Social data presents us with a tremendous opportunity. To realize the opportunity, it is essential to develop statistical models “universal'' enough to faithfully capture a broad class of “social” scenarios; and inference algorithms for such models that are statistically and computationally tractable. This is a grand challenge, because modeling social behavior that generates data is extremely hard. The non-parametric Latent Variable Model naturally arising due to the anonymity property of social data is a promising candidate in making progress towards this challenge, especially given the initial progress made.

Figures

Figure 1

This is an experiment representing the performance of various recommendation algorithms using the MovieLens dataset. The performance of the algorithm is measured in Root-Mean-Squared-Error (RMSE) — the lower, the better. Algorithm performance is evaluated for different fractions of test data (the rest of the data is training). The orange curve corresponds to spectral method (soft-impute), the blue curve corresponds to user-user variant of Collaborative Filtering, the red curve corresponds to item-item variant of Collaborative Filtering, and the purple curve corresponds to the improved Collaborative Filtering algorithm using the Latent Variable Model.

Figure 2

Recovery results for two images (building facade and peppers) with 70 percent of missing entries under different algorithms are presented. The last column corresponds to our algorithm, which is based on Collaborative Filtering. The performance is measured with respect to Relative Squared Error (RSE) — again, the lower, the better.

References

[0] D. Goldberg, D. Nichols, B.M. Oki, and D. Terry, Using Collaborative Filtering to Weave an Information Tapestry. Communications of ACM, 1992.

[1] C. Lee, Y. Li, D. Shah, and D. Song, Blind Regression: Nonparametric Regression for Latent Variable Models via Collaborative Filtering.

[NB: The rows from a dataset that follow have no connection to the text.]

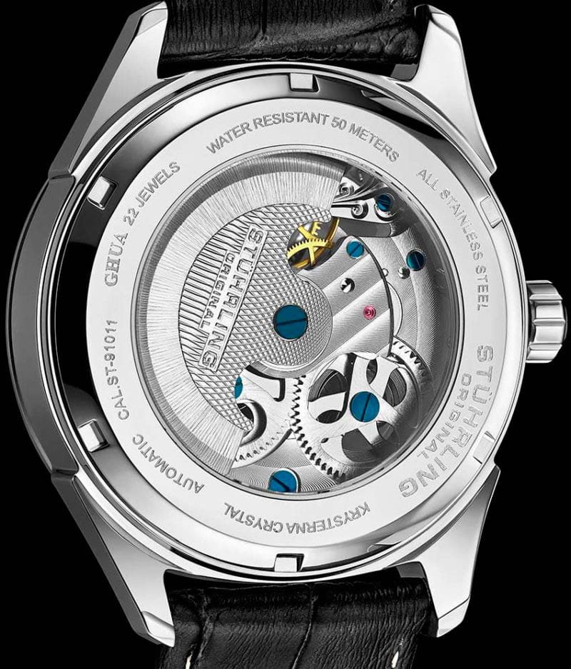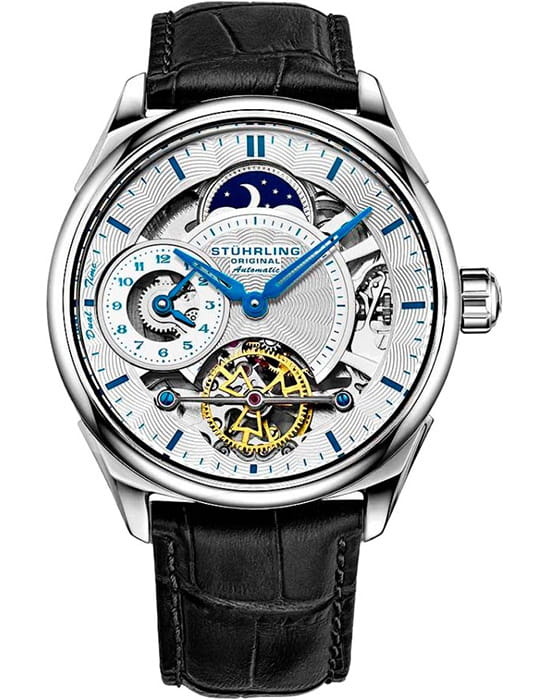 Stuhrling 943A.01 — эффектные мужские часы с открытым механическим сердцем, воплощающие искусство часового мастерства. Полностью скелетонизированный циферблат демонстрирует работу механизма, подчёркивая эстетику точности и движения. Корпус из нержавеющей стали гармонирует с ремнём из натуральной кожи, придавая модели классическую солидность. Металлизированные стрелки и метки обеспечивают читаемость, а прочное стекло KrysternaKrysternaKrysterna — инновационное стекло для наручных часов. Благодаря уникальной структуре, Krysterna объединяет ключевые преимущества двух материалов: твердость сапфира, защищающую от царапин, и гибкость минерального стекла, обеспечивающую устойчивость к деформациям. Такая комбинация делает его идеальным решением для часов, подверженных экстремальным нагрузкам, сохраняя при этом оптическую прозрачность. надёжно защищает конструкцию от повреждений. Stuhrling — это сочетание прозрачной механики, изысканного дизайна и утончённого стиля для ценителей настоящей инженерной красоты.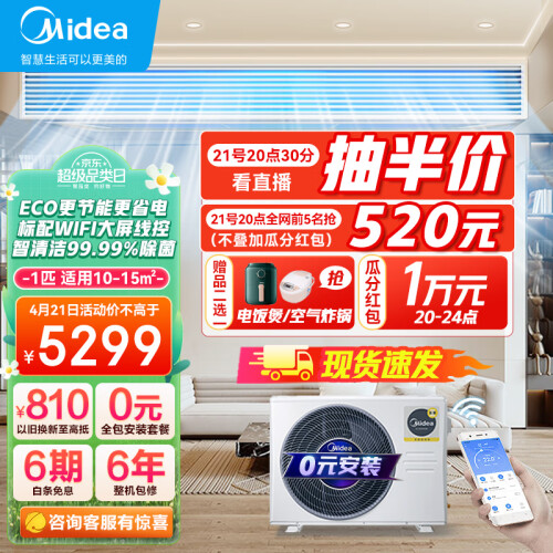 Midea 美的 KFR-26T2W/B3DN1-LX(1)Ⅲ 中央空调 一拖一 1匹 全直流变频技术,节能高效两兼顾,多种风速精准调节,满足不同家庭成员和场景的送风需求,贴心呵护小孩、老人、孕妇等敏感人群,采用3D出风面板,立体式摆动送风,气流柔和均匀出风凉而不冷,久吹也不用担心会着凉。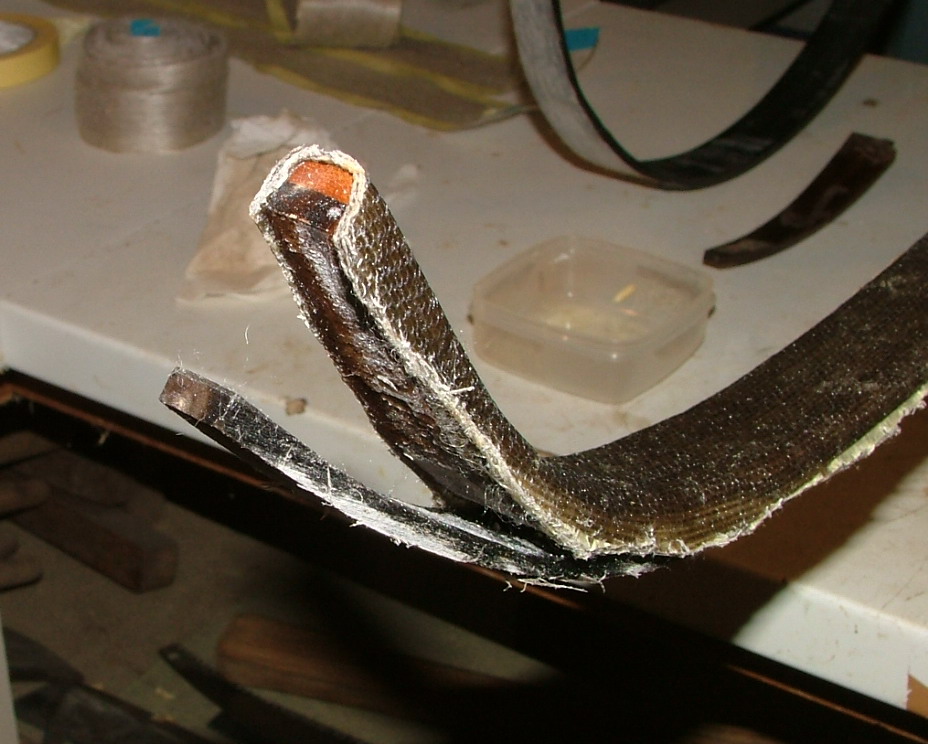 Heute Vormittag hab ich mir den Schaden genau angesehen, zuerst hab ich den Überstand vom Backing mal grob entfernt und dann mit der Feile die Kante des Bogens an einer neuralgischen Stelle des Wurfarms freigelegt, an dem das Horn noch zum Großteil drauf ist.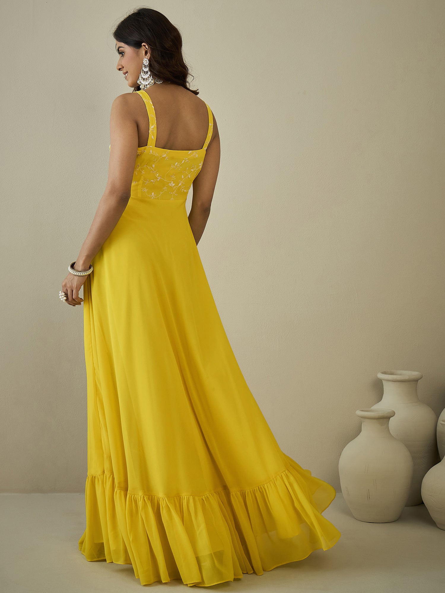 Expertly crafted, this embroidered maxi ethnic dress is a must-have for any fashion enthusiast. Featuring stunning yellow fabric with intricate embroidery, a flattering fit and flare shape, and comfortable shoulder straps, this dress is perfect for any occasion. The three-quarter length sleeves and flared hem add a touch of elegance, while the slip-on closure makes it easy to wear. Made from high-quality georgette material, this dress is both luxurious and easy to care for with dry cleaning. Elevate your wardrobe with this timeless piece.

Proceedings of the 30th Conference on Neural Information Processing Systems (NIPS), 2016.

[2] C. Borgs, J. Chayes, C. Lee, and D. Shah. Recommendations for Sparse Datasets via Similarity Based Collaborative Filtering. Preprint, 2017.

[3] S. Negahban, S. Oh, and D. Shah. Rank Centrality: Ranking from Pair-wise Comparisons, Operations Research, 2016. Preliminary version in Proceedings of NIPS, 2012.

[4] D. Karger, S. Oh, and D. Shah. Budget-Optimal Task Allocation for Reliable Crowd-Sourcing, Operations Research, 2014. Preliminary version in Proceedings of NIPS, 2011.

[5] C. Moore, Computer Science and Physics of Community Detection: Landscapes, Phase Transitions and Hardness, Bulletin of EATCS, 2017.